Scala DataSet with case class inheritance

ghz 8months ago ⋅ 111 views

I'd like to be able to store different related types in a Spark DataFrame but work with strongly typed case classes via a DataSet. E.g. say I have a Base trait and two case classes A and B that extend the trait:

trait Base {
  def name: String
}

case class A(name: String, number: Int) extends Base

case class B(name: String, text: String) extends Base

I'd like to create a val lb = List[Base](A("Alice", 20), B("Bob", "Foo")) and then create a DataFrame via lb.toDS(). Not surprisingly, this doesn't work as there is no encoder for the trait for it's different extended classes.

I could manually create a case class representing a structure that can hold information for both A and B:

case class Struct(typ: String, name: String, number: Option[Int] = None, text: Option[String] = None)

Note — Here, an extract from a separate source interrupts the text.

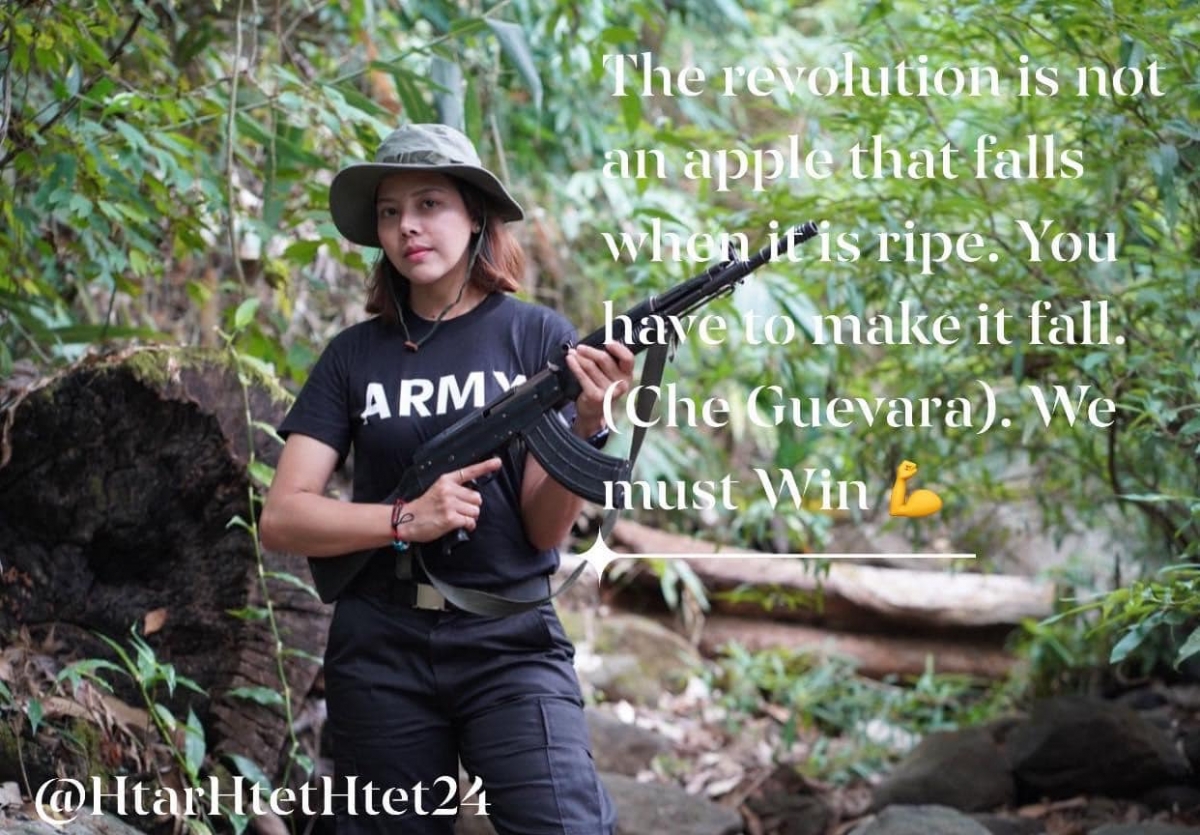 Htar Htet Htet, năm nay 32 tuổi, làm nghề giáo viên thể dục dụng cụ, đã đăng lên tài khoản Facebook cá nhân của mình một bức ảnh mặc quân phục màu đen và cầm khẩu súng tiểu liên. Cô viết trên Facebook như sau: “Thời khắc chiến đấu đã tới... Cho dù bạn cầm vũ khí, bút, hay bàn phím, hoặc quyên góp cho phong trào thân dân chủ thì tất cả mọi người đều phải nỗ lực để cách mạng thành công”.

And I could add some functions to create a Struct from an instance of a Base trait and vice vera:

trait Base {
  def name: String

  def asStruct: Struct = {
    this match {
      case A(name, number) => Struct("A", name, number = Some(number))
      case B(name, text) => Struct("B", name, text = Some(text))
    }
  }
}

case class Struct(typ: String, name: String, number: Option[Int] = None, text: Option[String] = None) {
  def asBase: Base = {
    this match {
      case Struct("A", name, Some(number), None) => A(name, number)
      case Struct("B", name, None, Some(text)) => B(name, text)
      case _ => throw new Exception(f"Invalid Base structure {s}")
    }
  }
}

Then I can create my DataFrame as follows:

    val a = A("Alice", 32)
    val b = B("Bob", "foo")

    val ls = List[Struct](a.asStruct, b.asStruct)

    val sparkSession = spark
    import sparkSession.implicits._

    val df = ls.toDS()

    df.show()

+---+-----+------+----+
|typ| name|number|text|
+---+-----+------+----+
|  A|Alice|    32|NULL|
|  B|  Bob|  NULL| foo|
+---+-----+------+----+

I can work with this approach but I wondered if it is possible to write an encoder that automatically treats a Base class as a Struct using the asStruct method written above?

Answers

Yes, it's possible to write a custom encoder in Spark to automatically treat instances of the Base trait as Struct objects using the asStruct method. You can achieve this by implementing a custom Encoder[Struct] and registering it with Spark's implicit encoders.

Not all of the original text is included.